- Exercise data:

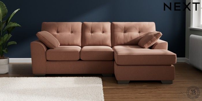 7.2.10 Stamford Buttoned Back Small Sofa Chaise - Right Hand Relaxed Linen Look Light Rust Brown Large Square Angle - Gunmetal | Made Click here to use our website with more accessibility support, for example screen readers
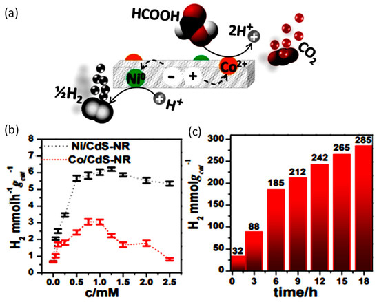 Jamal et al. selectively produced hydrogen photo-catalytically from FA efficiently using non-noble metals, such as cobalt and nickel, as redox mediators on CdS nanorods, as shown in the following. The effect of co-catalysts was also studied on the decomposition of FA. Here, the high hydrogen production of 32.6 mmol h−1g−1 from FA was obtained by sustaining the production rate for 12 h [79]. The mechanism involved a substantial increase in FA-to-H2 activity for Ni/CdS-NR, the quenching of the PL signal and the reduction of Ni+2 to Ni0 in the reaction system by photogenerated electrons at the CB of CdS. This band offset between CdS and Ni0 provides a conduit for electrons to pass from CdS to Ni0. The Co is not deposited on the CdS, but it is present in the reaction media. The observed enhanced activity presumably occurs through transitory contact with the CdS, forming a bound Co-hole formate species. Therefore, the improved catalysis is due to the cooperative redox mediation of Ni0 and Co3+, where both the reductive and oxidative half-reactions are enhanced, as shown in Figure 4. Further various co-catalysts are developed to increase hydrogen production with great sustainability, which are discussed in Table 1.
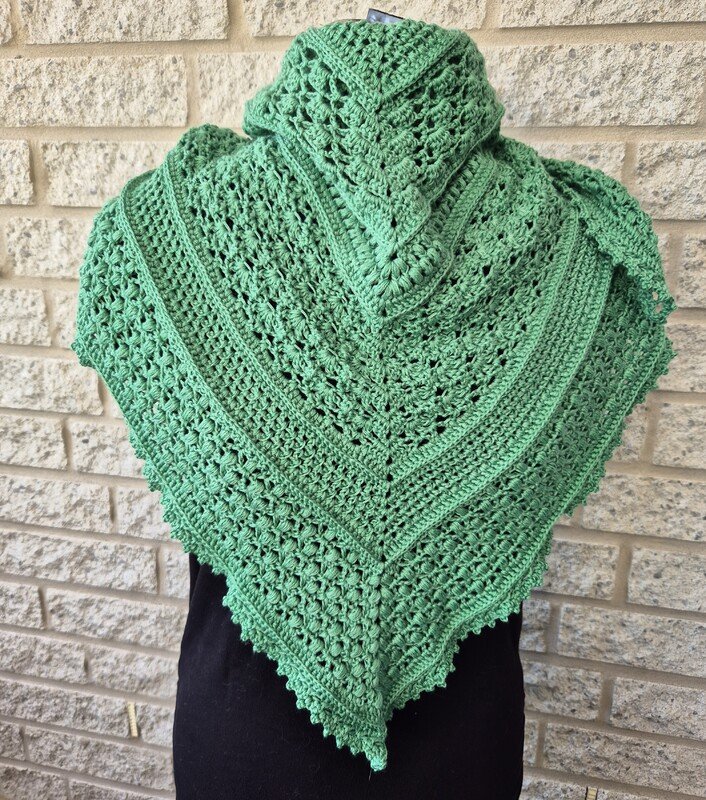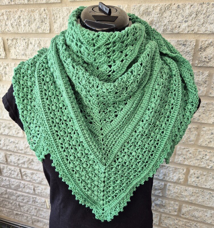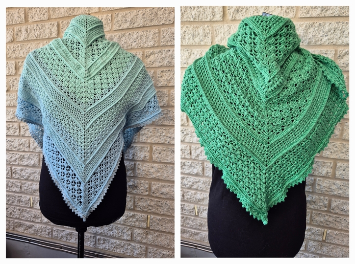 Rutnät kann in 2 Größen als klassisches Dreieckstuch nachgearbeitet werden.

- Aim of the task:
Copy the listing exactly. Any image in it stays out of the copy.

- Output for this task:
 7.2.10 Stamford Buttoned Back Small Sofa Chaise - Right Hand Relaxed Linen Look Light Rust Brown Large Square Angle - Gunmetal | Made Click here to use our website with more accessibility support, for example screen readers
 Jamal et al. selectively produced hydrogen photo-catalytically from FA efficiently using non-noble metals, such as cobalt and nickel, as redox mediators on CdS nanorods, as shown in the following. The effect of co-catalysts was also studied on the decomposition of FA. Here, the high hydrogen production of 32.6 mmol h−1g−1 from FA was obtained by sustaining the production rate for 12 h [79]. The mechanism involved a substantial increase in FA-to-H2 activity for Ni/CdS-NR, the quenching of the PL signal and the reduction of Ni+2 to Ni0 in the reaction system by photogenerated electrons at the CB of CdS. This band offset between CdS and Ni0 provides a conduit for electrons to pass from CdS to Ni0. The Co is not deposited on the CdS, but it is present in the reaction media. The observed enhanced activity presumably occurs through transitory contact with the CdS, forming a bound Co-hole formate species. Therefore, the improved catalysis is due to the cooperative redox mediation of Ni0 and Co3+, where both the reductive and oxidative half-reactions are enhanced, as shown in Figure 4. Further various co-catalysts are developed to increase hydrogen production with great sustainability, which are discussed in Table 1.
 Rutnät kann in 2 Größen als klassisches Dreieckstuch nachgearbeitet werden.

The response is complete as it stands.